Far-right provocateur Jake Lang incited a protest in front of Gracie Mansion, home of New York City Mayor Zohran Mamdani.
Lang arrived with 20 followers during a demonstration called “Stop the Islamic Takeover of New York City” on March 7. This came at a time of heightened Islamophobia amid the Iran War and resistance to NYC’s first Muslim mayor.
The Upper East Side neighborhood stirred with turbulence. Over 100 counterprotesters quickly showed up. Fist fights ensued, eggs flew in the air and one of Lang’s followers sprayed mace at a crowd of counterprotesters.
Tensions peaked when two Islamic State group sympathizers threw homemade explosive devices into the crowd, which consisted of police officers and protestors. The two bombs did not detonate. Suspects Emir Balat and Ibrahim Kayumi were arrested. Both cited ISIS when speaking to investigators and were charged with providing material support to ISIS and attempting to use a weapon of mass destruction.
The harm the bombs could have caused is being rightfully deplored by the news media. The attempted bombings speak to a larger problem: deepening polarization within the country. Political violence, regardless of intent, is antithetical to democracy.
It’s important to hold this reality in mind while condemning the views espoused by far-right agitators like Lang. Lang is a pardoned Jan. 6 protester who attacked officers at the Capitol, threatened to burn a Quran and made Islamophobic comments during a vigil for Ayatollah Ali Khamenei a day before the Gracie Mansion protest.
Mamdani and his wife were not at Gracie Mansion during the protest.
“While I found this protest appalling, I will not waver in my belief that it should be allowed to happen,” Mamdani said while addressing the protest. “Ours is a free society, where the right to peaceful protest is sacred.” He also condemned the attempted bombers, calling the attacks a “heinous act of terrorism” and for Balat and Kayumi to be held “fully accountable.”

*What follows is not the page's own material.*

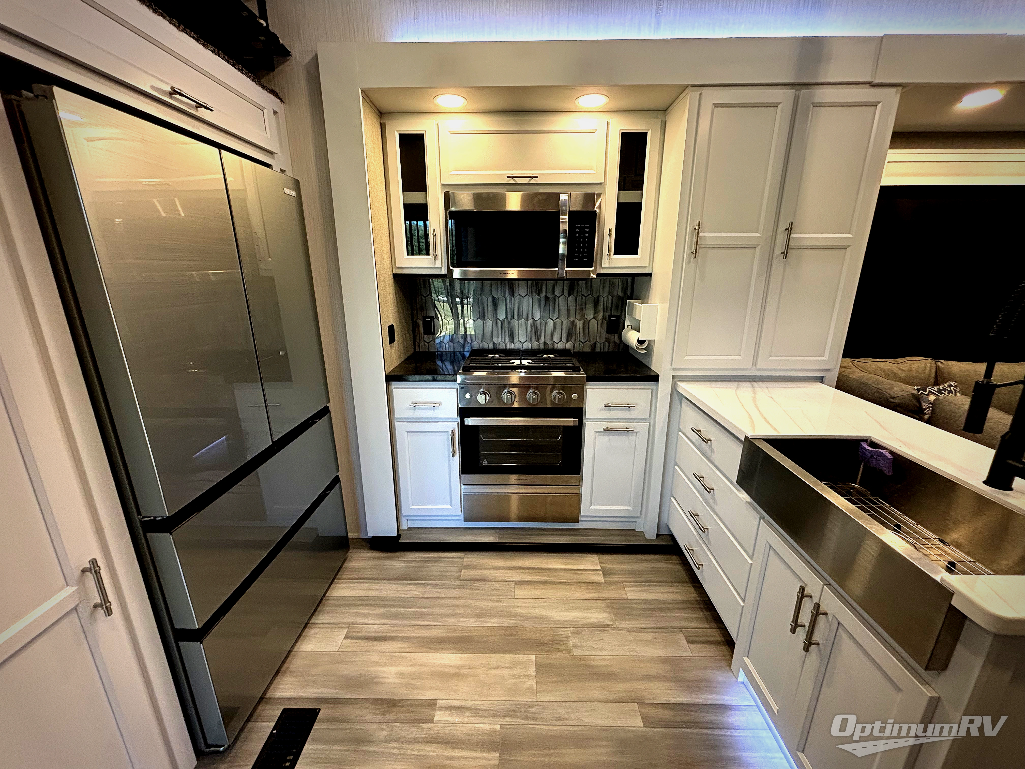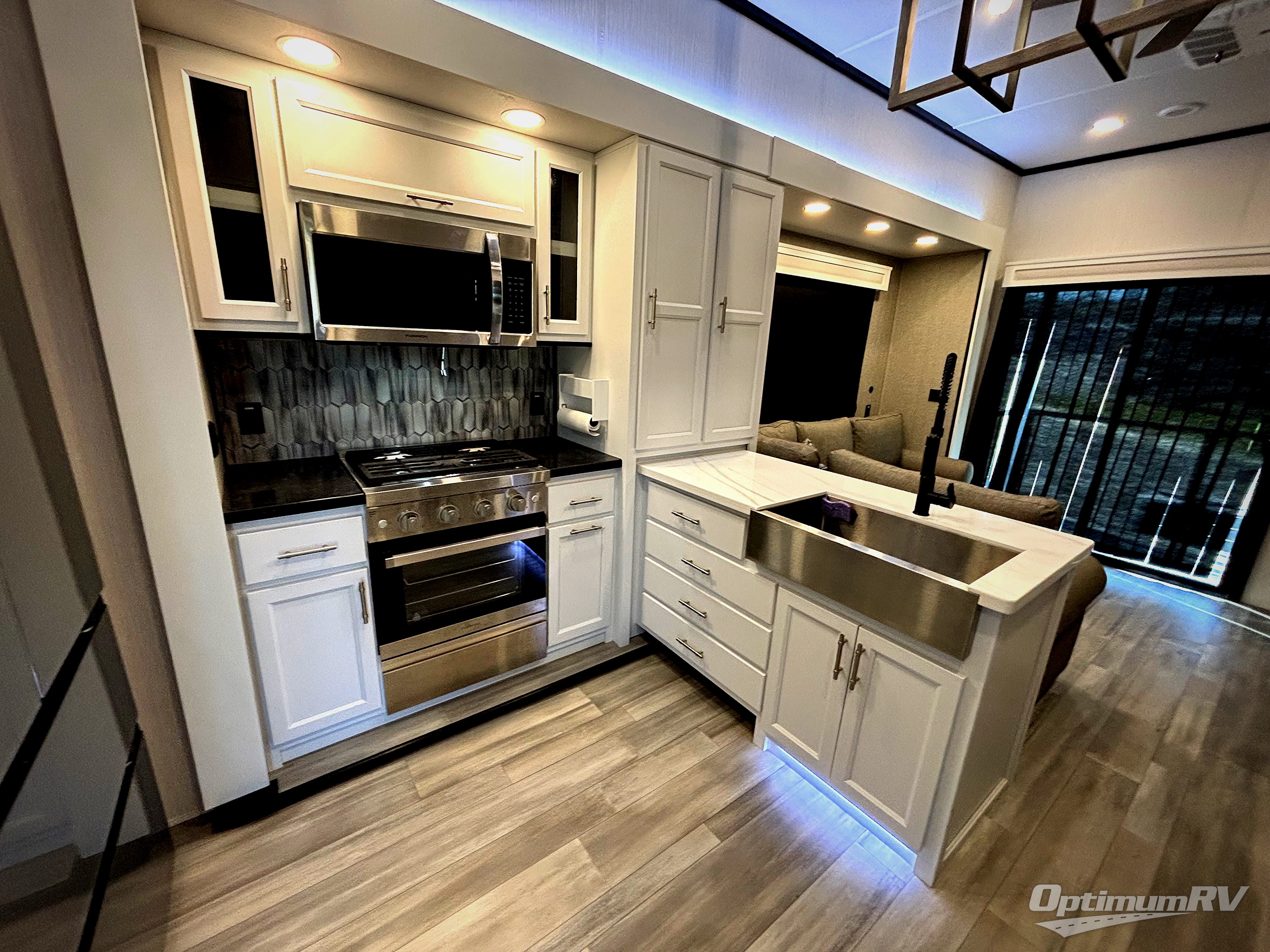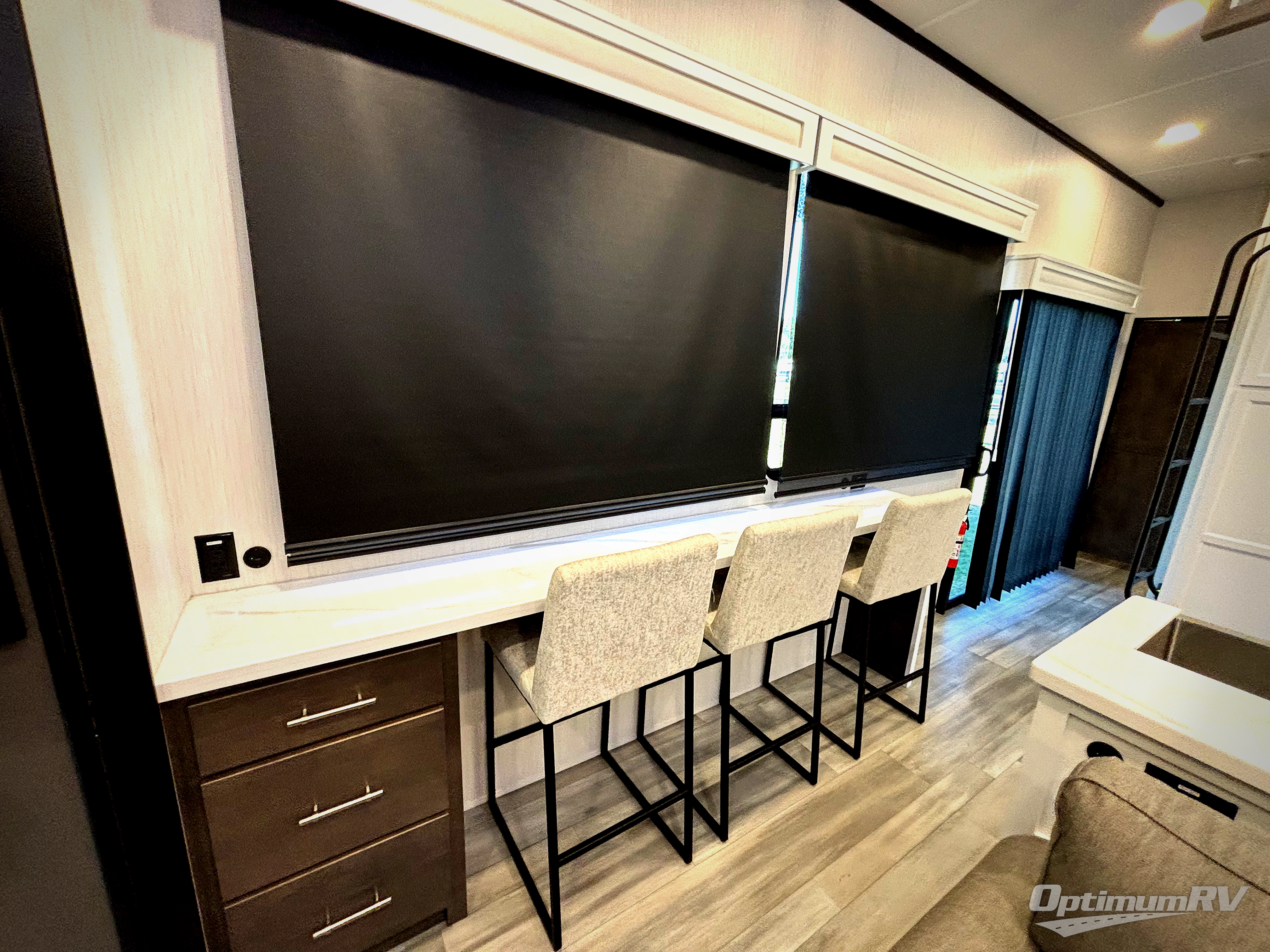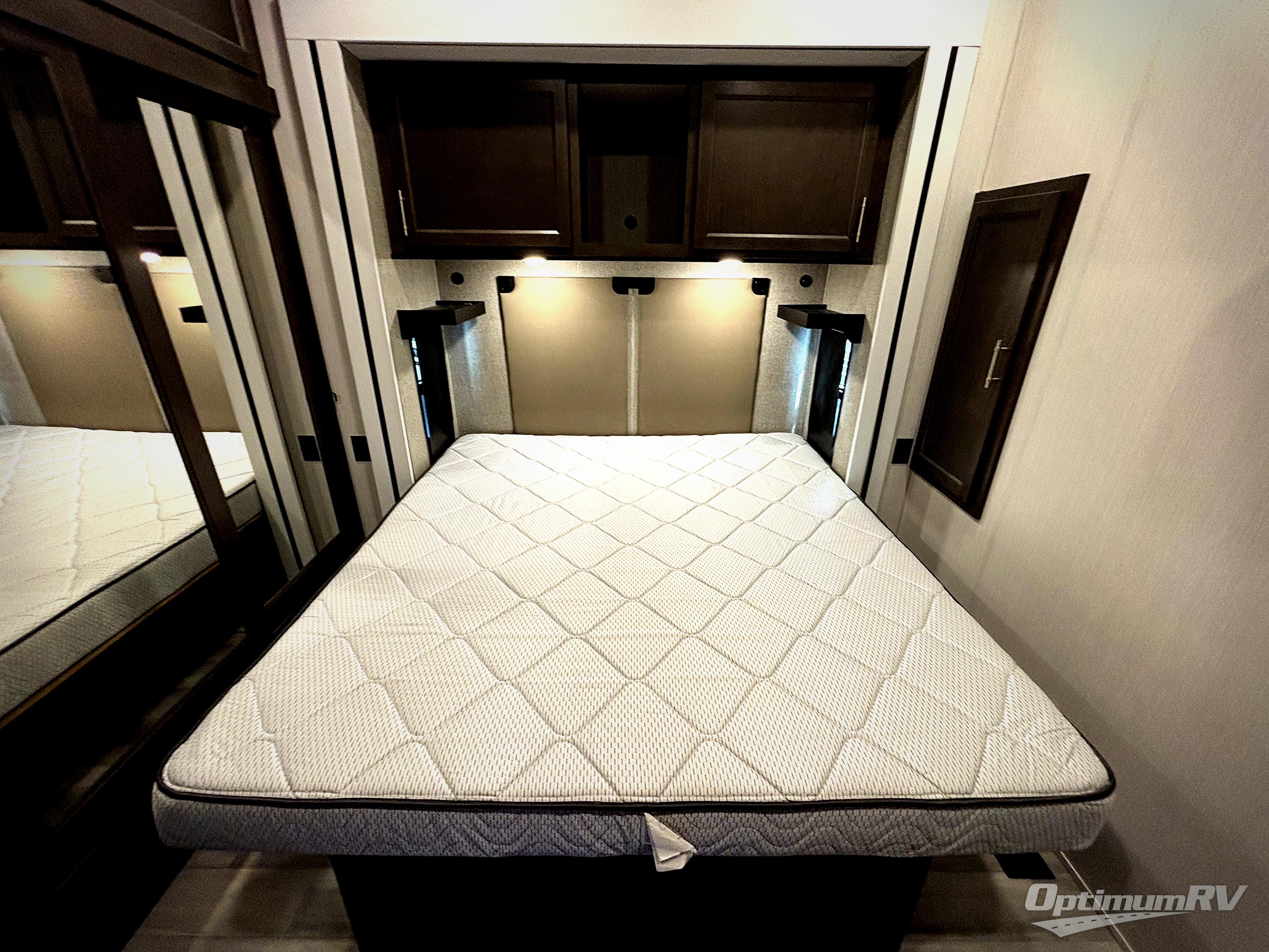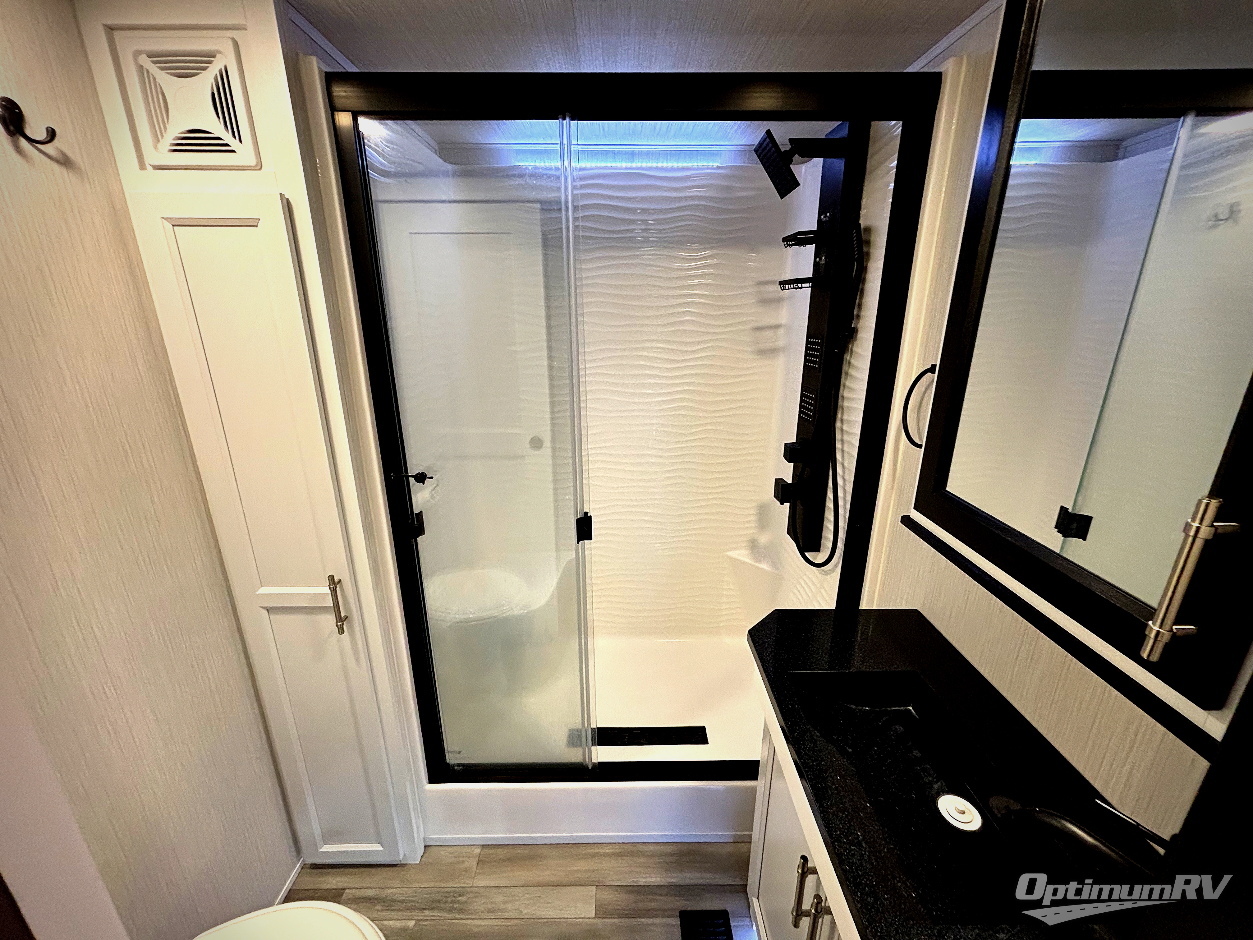 If you need more sleeping or storage space, this destination trailer is the one for you! There is a front covered porch with sliding glass doors that enters in to the front living area. Here, you'll enjoy relaxing on the sectional hide-a-bed sofa across from the entertainment center and fireplace. The spacious bar top with two seats will provide a place to dine, and the middle kitchen is any chef's dream with its two pantries, spacious 20 cu. ft. 12V refrigerator, and plenty of counter space! When you're ready for your own space, you can retreat to the rear bedroom where you'll find a king bed slide out, a wardrobe, a dresser, drawers, and even washer and dryer prep. The comfort doesn't stop there! There is also a loft above the full bath that includes a ladder and a mattress, so you can use this space for more sleeping or storage space!

No evidence has linked Balat and Kayumi to a direct connection with ISIS despite their admissions to being inspired by the organization. They were not foreign operatives, but radicalized individuals who invoke terrorist organizations. This mirrors the homegrown white supremacists that Lang appeals to.
The danger underlying this event is that this kind of radicalism — a school of thought that insists the only way to be seen is through terror — has become prevalent. It’s as important as ever to remember violence and bigotry are not the natural responses to political differences.